A esas horas de la noche las calles están menos tranquilas de lo que esperaba. Grupos de jóvenes emergen de los bares blandiendo dedos ante los demás, decididos a hacerse oír. Más allá, una pareja se pelea y una joven trata de detenerlos interponiéndose entre los golpes; sólo los veo unos instantes al pasar, pero sus caras de odio resultan inquietantes.

El taxi gira de pronto a la izquierda, luego a la derecha, y antes de que me dé cuenta estamos pasando ante el Museo Británico. Miro los dos leones que flanquean la entrada, y me veo allí titubeando antes de entrar a ver al señor Trevors la mañana que me entrevistó, la misma mañana que Zoya empezó a trabajar como operaria en la fábrica de costura Newsom. Fue hace mucho tiempo, yo era muy joven y la vida era difícil; habría dado lo que fuera por estar ahí de nuevo y comprender lo afortunado que era. Por tener juventud y a mi esposa, nuestro amor y nuestra vida por delante.

Cierro los ojos y trago saliva. No voy a llorar. Ya habrá tiempo para las lágrimas esta noche. Pero todavía no.

– ¿Le va bien aquí, señor? -pregunta el taxista deteniéndose en la entrada de visitantes, y le digo que sí, que va bien, y le tiendo el primer billete que encuentro; es demasiado, ya lo sé, pero no me importa.

Salgo al frío aire nocturno y vacilo un momento ante las puertas del hospital; sólo entro cuando oigo que el taxi se aleja.

– Su esposa ya no está en el ala de oncología -me dice en recepción una joven pálida y cansada-. La han trasladado a una habitación privada en la tercera planta.

– Su acento. Usted no es inglesa, ¿verdad?

– No -contesta, alzando la vista un segundo para luego volver a su trabajo.

Ha decidido no decirme de dónde procede, pero estoy seguro de que es algún lugar de Europa del Este. De Rusia no, eso sí lo sé. Yugoslavia, quizá, o Rumania. Uno de esos países.

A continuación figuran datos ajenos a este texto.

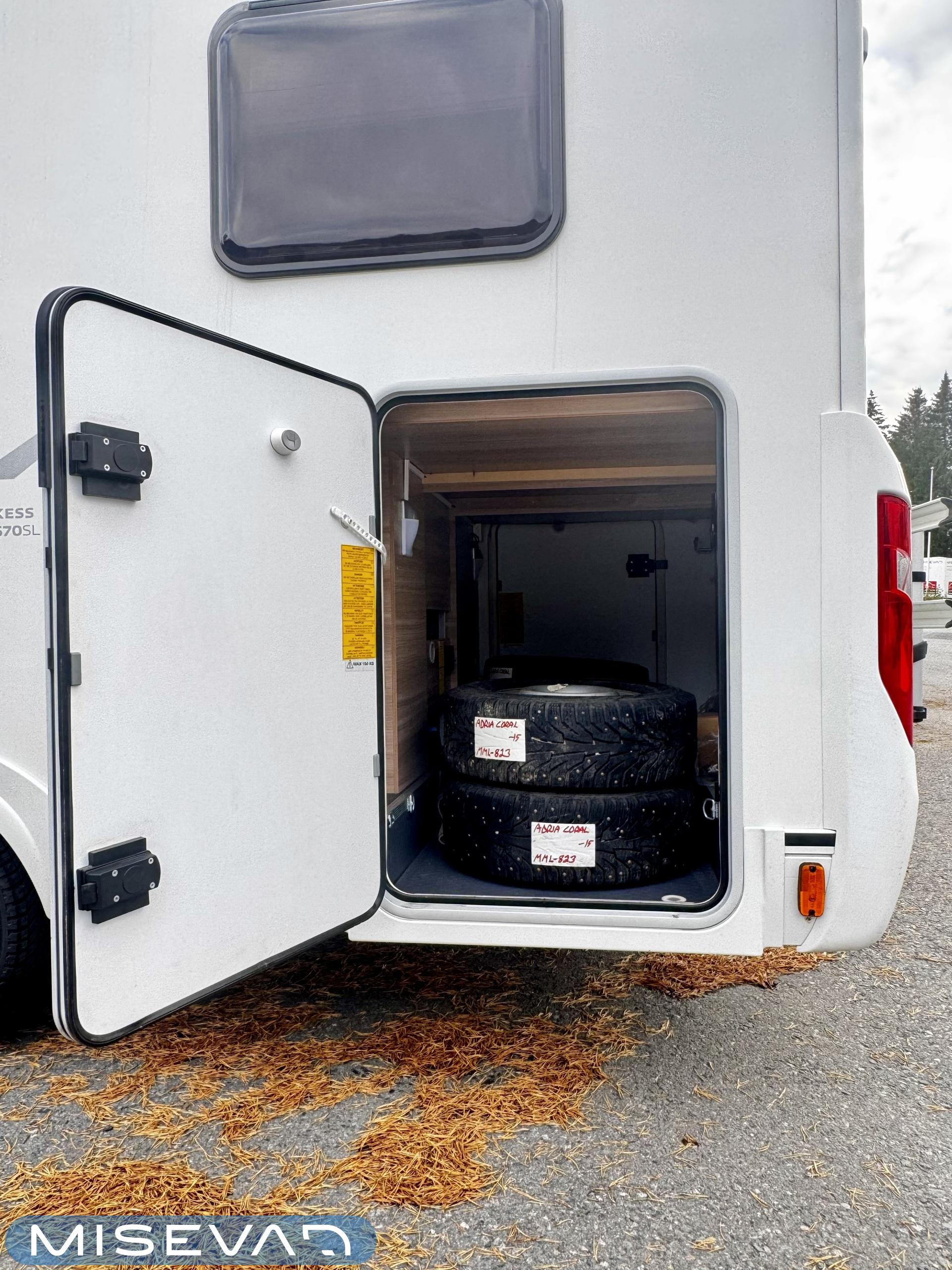 ABS brakes, Airbag, Trip computer, Separate beds, Insulated grey water tank, Cab air conditioning, Fridge, Two tyre sets, Cassette WC, Cassette blinds, Roof hatch, Keskuslukitus: Kaukosäätöinen, Central heating, Ignition interlock, Floor heating, Stove, Hot water boiler, Sun shade, Power steering, Radio, Shower, Electric windows, Electric heating cartridge, Power side mirrors, Trumatic, Turbo, Vakionopeudensäädin

Subo al ascensor y pulso el 3; aunque la llamada telefónica no haya sido muy explícita, sé lo que significa que trasladen a un paciente a una habitación privada en esta etapa de la enfermedad. Me alegra que el ascensor esté vacío. Me permite pensar, recobrar la compostura. Pero no mucho rato, pues no tardo en salir a un largo pasillo blanco con un mostrador al final. Cuando me dirijo despacio hacia allí, oigo dos voces enzarzadas en una conversación: la de un hombre joven y una mujer algo mayor. Él habla de una entrevista que tiene dentro de poco, al parecer para que lo asciendan en el hospital. Se calla al verme ante él, y una expresión irritada le cruza el rostro ante la interrupción, aunque todavía no he dicho nada. Me pregunto si me toma por uno de los enfermos ancianos de las muchas salas que se despliegan como las patas de un pulpo desde ese pasillo. Quizá cree que me he perdido, o que no puedo dormir, o que he mojado la cama. Es ridículo, por supuesto. Voy completamente vestido. Sólo soy viejo.

– Señor Yáchmenev -dice detrás de él la doctora Crawford, cogiendo una tablilla con documentación-. Ha llegado rápido.

– Sí. ¿Dónde está Zoya? ¿Dónde está mi esposa?

– Está aquí mismo -responde con suavidad, cogiéndome del brazo.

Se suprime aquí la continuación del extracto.